**PROBLEM STATEMENT**
Transcribe the listing verbatim, please, with images dropped.

==================================================

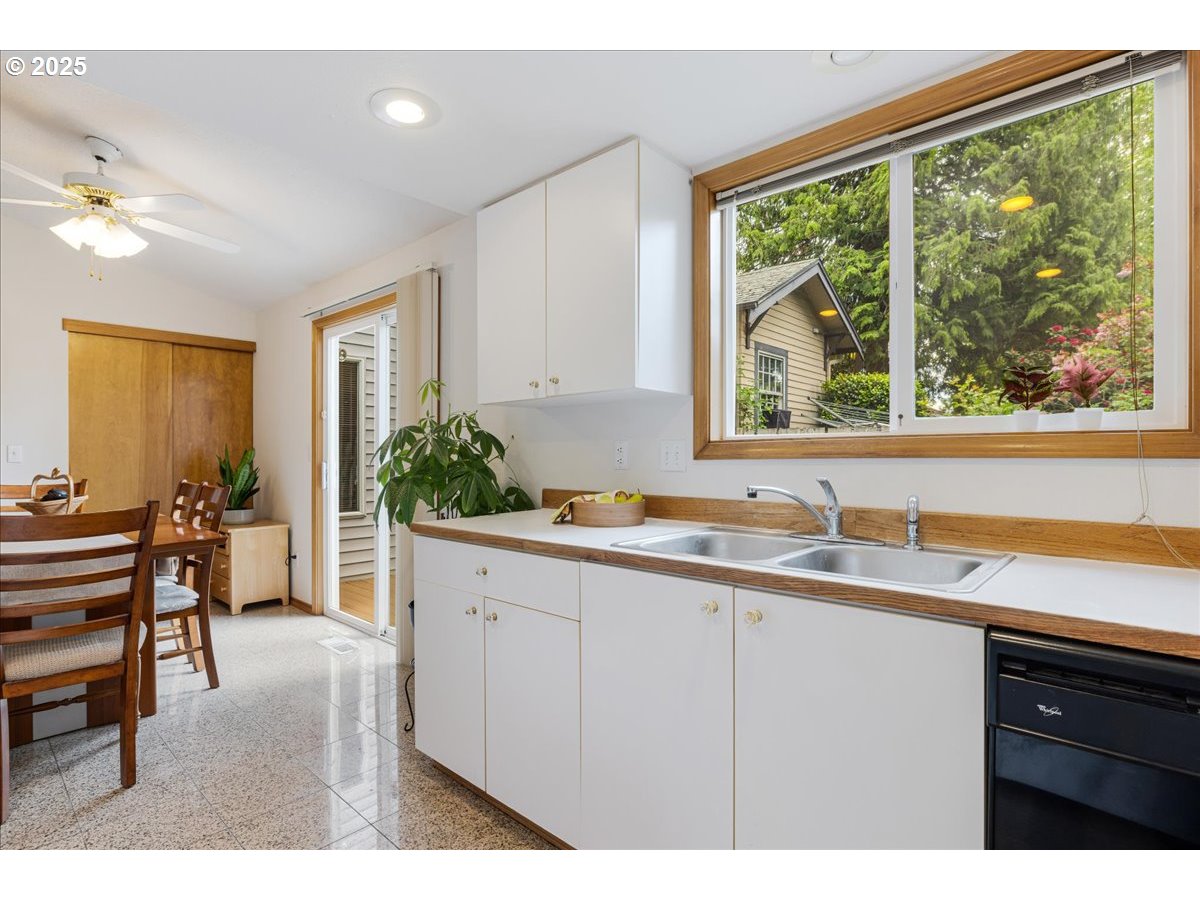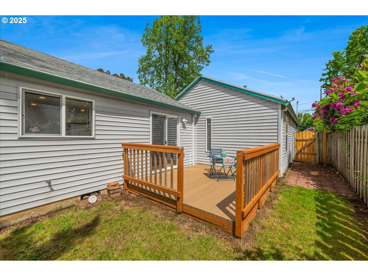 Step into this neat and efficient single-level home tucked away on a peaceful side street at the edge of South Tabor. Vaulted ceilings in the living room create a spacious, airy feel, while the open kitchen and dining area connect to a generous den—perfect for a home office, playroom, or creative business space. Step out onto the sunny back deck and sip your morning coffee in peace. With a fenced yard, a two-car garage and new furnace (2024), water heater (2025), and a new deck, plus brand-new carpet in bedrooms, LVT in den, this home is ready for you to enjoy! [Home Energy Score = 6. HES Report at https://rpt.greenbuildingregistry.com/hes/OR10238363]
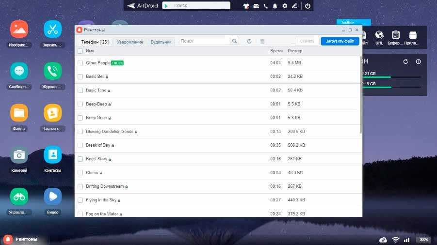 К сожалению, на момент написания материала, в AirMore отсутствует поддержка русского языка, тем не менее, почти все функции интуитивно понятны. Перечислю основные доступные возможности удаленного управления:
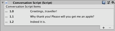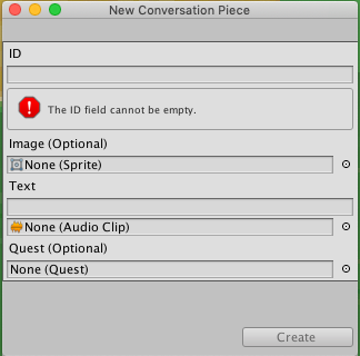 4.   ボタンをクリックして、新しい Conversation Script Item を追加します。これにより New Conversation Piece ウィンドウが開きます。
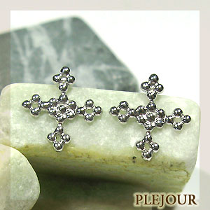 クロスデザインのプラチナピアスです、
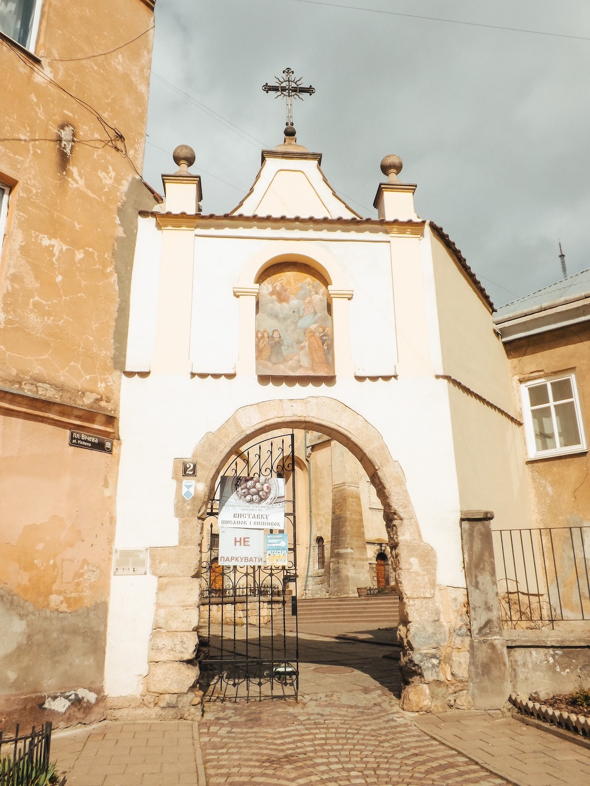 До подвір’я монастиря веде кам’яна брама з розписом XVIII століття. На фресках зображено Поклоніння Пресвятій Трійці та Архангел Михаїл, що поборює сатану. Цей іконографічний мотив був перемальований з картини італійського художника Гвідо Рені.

==================================================

**SOLUTION TO THIS PROBLEM**
 Step into this neat and efficient single-level home tucked away on a peaceful side street at the edge of South Tabor. Vaulted ceilings in the living room create a spacious, airy feel, while the open kitchen and dining area connect to a generous den—perfect for a home office, playroom, or creative business space. Step out onto the sunny back deck and sip your morning coffee in peace. With a fenced yard, a two-car garage and new furnace (2024), water heater (2025), and a new deck, plus brand-new carpet in bedrooms, LVT in den, this home is ready for you to enjoy! [Home Energy Score = 6. HES Report at https://rpt.greenbuildingregistry.com/hes/OR10238363]
 К сожалению, на момент написания материала, в AirMore отсутствует поддержка русского языка, тем не менее, почти все функции интуитивно понятны. Перечислю основные доступные возможности удаленного управления:
 4.   ボタンをクリックして、新しい Conversation Script Item を追加します。これにより New Conversation Piece ウィンドウが開きます。
 クロスデザインのプラチナピアスです、
 До подвір’я монастиря веде кам’яна брама з розписом XVIII століття. На фресках зображено Поклоніння Пресвятій Трійці та Архангел Михаїл, що поборює сатану. Цей іконографічний мотив був перемальований з картини італійського художника Гвідо Рені.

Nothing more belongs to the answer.